Figure 3 also uses the community population as an example of applying the constructed HFHI screening model to a community setting, demonstrating the model's ability to identify potentially high-risk populations that are typically overlooked. . In general, older residents are at higher risk for HFHI, as age is one of the most important indicators of her HI. However, in the validation set he was a 42-year-old man, and although he was relatively young, his identified HFHI risk was 0.846, so he was classified in the high-risk group for HFHI. . In addition, this middle-aged man was confirmed to have HFHI by his hearing test results (he was 47.50 dB in poor hearing). Based on the patient record, his 34 relevant features are marked with red triangles, as shown in Figure 3. In terms of demographics and disease status, this man had self-identified HI, hypertension, and diabetes. He also has several behavioral risk factors, including smoking, alcohol consumption, excessive electronic volume, and routine noise exposure at work. Regarding biomarker risk factors, the patient had an abnormally high level of his IBIL. It is hoped that by applying this screening model, we will be able to screen these potentially high-risk patients for subsequent confirmatory diagnoses and identify risk factors for subsequent individualized interventions.

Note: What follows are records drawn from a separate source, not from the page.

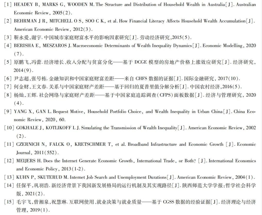 刘雪颖.互联网使用对家庭财富积累与分配的影响 —— 基于中国家庭追踪调查(CFPS)面板数据的经验研究.陕西师范大学学报:哲学社会科学版,2023,52(4):92-104.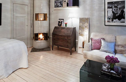 Cuối phòng có lắp lò sưởi nhân tạo, một chút ánh lửa hoặc ánh nến vàng cũng đem đến cảm giác ấm áp cho ngôi nhà nhỏ. Khu vực tiếp khách giản dị với sofa đài màu be, gối ôm màu sắc và bàn trà màu đen đối lập cá tính.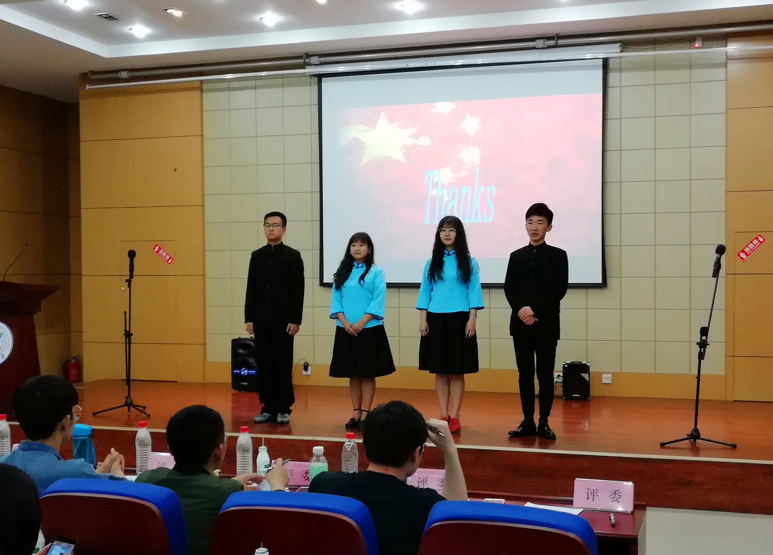 比赛期间,主持人还就相关诗歌、学校历史及党的十九大相关问题与同学们进行了积极热烈的互动。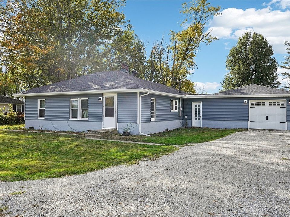 Ranch home nestled in a country setting on a spacious half-acre lot. This home features two comfortable bedrooms, one bathroom, living room, kitchen and a bonus room that can be used as a dining area or family room. An added bonus is the 1 car attached garage that is spacious enough to be considered a 2 car garage. Plenty of room for storage and a new garage door and opener has been installed in 2025. The property boasts numerous updates completed in 2025, including a new panel box and breakers, a brand-new roof, gutters, siding, exterior electric fixtures, and soffit. Embrace the privacy of country living and call this home today.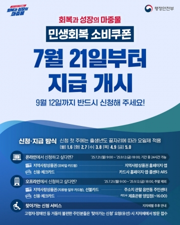 한편, 민생회복 소비쿠폰 신청은 9월 12일 오후 6시까지 온라인 또는 오프라인으로 신청할 수 있으며, 신용·체크카드, 선불카드, 지역사랑상품권 중 원하는 방식을 선택해 지급받을 수 있다.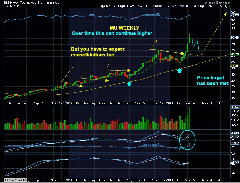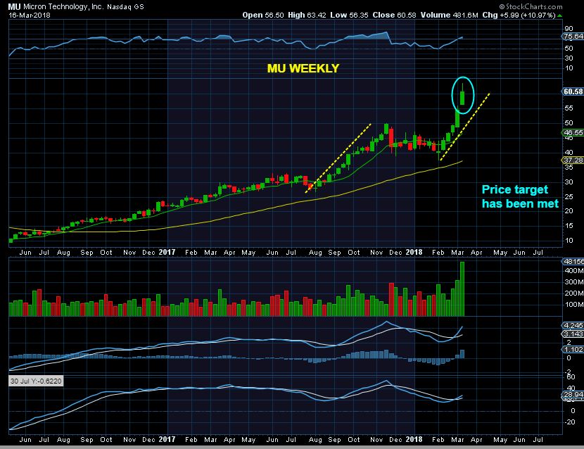 MU WEEKLY – I feel that this looks like an exhaustion gap higher, reversal weekly candle. My price target has already been met. Two thoughts come to my mind here that I want to share with you …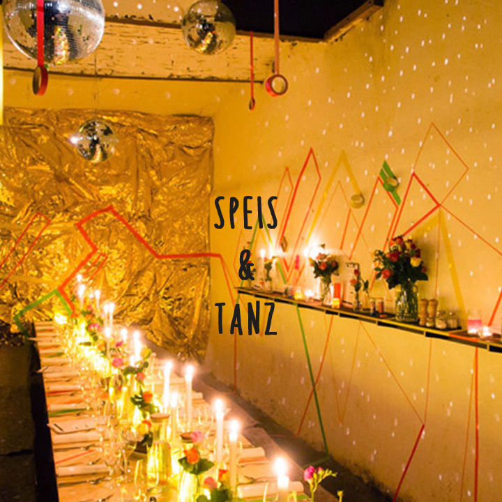 Alles ein bissl anders diesmal… alles ein bissl in Gold getaucht… Golden Years mit Neon Streifen… und endlich good bye Jackenhaufen – hello, Jochen´s selbsteingefädelte Garderobe… Was natürlich bleibt, ist unser Dreigang – Menü gekocht von Eiko Scharfenberger: Maronensuppe mit Rotkohlravioli und Honigkrokant, Hirschbraten mit Rosenkohlcreme und zweierlei Knödeln und als krönender Abschluss eine gebrannte Creme von Zimt und Rum mit einem Orangenragout und Moccaeis – lecker, lecker, lecker! Dann drehten sich Discokugel und Plattenteller… Speis & Tanz – auf jeden Fall eine gute Kombination. Aber für alle Freunde der Gemütlichkeit, keine Sorge, wir werden in Zukunft nicht jedes Mal die Bänke abbauen… ganz sicher!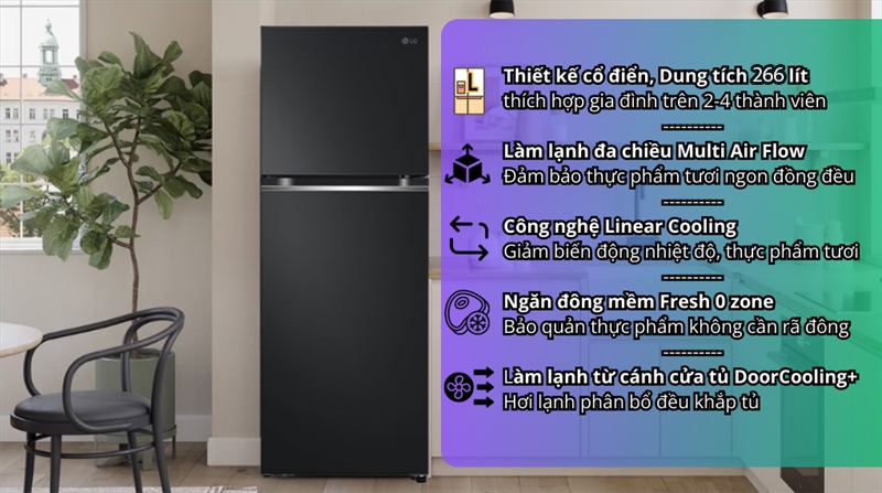 Tủ lạnh LG Inverter 266 lít LTB26BLM 2025 - INDONESIA

Differences in characteristics in risk stratification

Differences in resident lifestyles depending on risk stratification

To further explore the distribution of lifestyle variables for the three risk categories identified by the model, we calculated the proportion of individuals with a particular lifestyle behavior within a 0.1 point interval of the risk score, and compared loess across the spectrum of risk profiles. I plotted the curve. As shown in Figure 4, the proportion of individuals with >40% electronic volume use, smoking, drinking, or self-reported workplace noise experience at least once per week increased significantly with increasing risk score. Increased. The number of people who consumed 500g or more of fruits and vegetables daily and who exercised at least once a month decreased significantly. In detail, in the low-risk group, 72.83% (957/1314) exercised at least once a month, while in the high-risk group, this proportion decreased to 46.07% (569/1235). Did. A total of 28.10% (347 out of 1235 people) were alcohol drinkers in the high-risk group, which was 3.13 times higher than in the low-risk group (8.98%, 118 out of 1314 people). Similarly, 39.51% (488 out of 1235) of individuals in the high-risk group were smokers, which was 2.93 times higher than in the low-risk group (13.47%, 177 out of 1314).

Differences in resident blood index by risk stratification

We also investigated the distribution of identified blood indicator variables in the three risk categories (Figure 5). As the risk score increased, the proportion of people with high levels of LDL, LY%, RDW, TC, and EO% also increased, but the proportion of people with high levels of HDL decreased slightly. Among them, 29.15% (360/1235) of the high-risk group had high levels of TC, which was 3.25 times that of the low-risk group (8.98%, 118/1314). In the high-risk group, 36.03% (445/1235) individuals showed high LDL levels, which decreased to 23.06% (303/1314) in the low-risk group. Conversely, the proportion of individuals with high levels of her HDL decreased from 6.16% (81/1314) in the low-risk group to 3.16% (39/1235) in the high-risk group.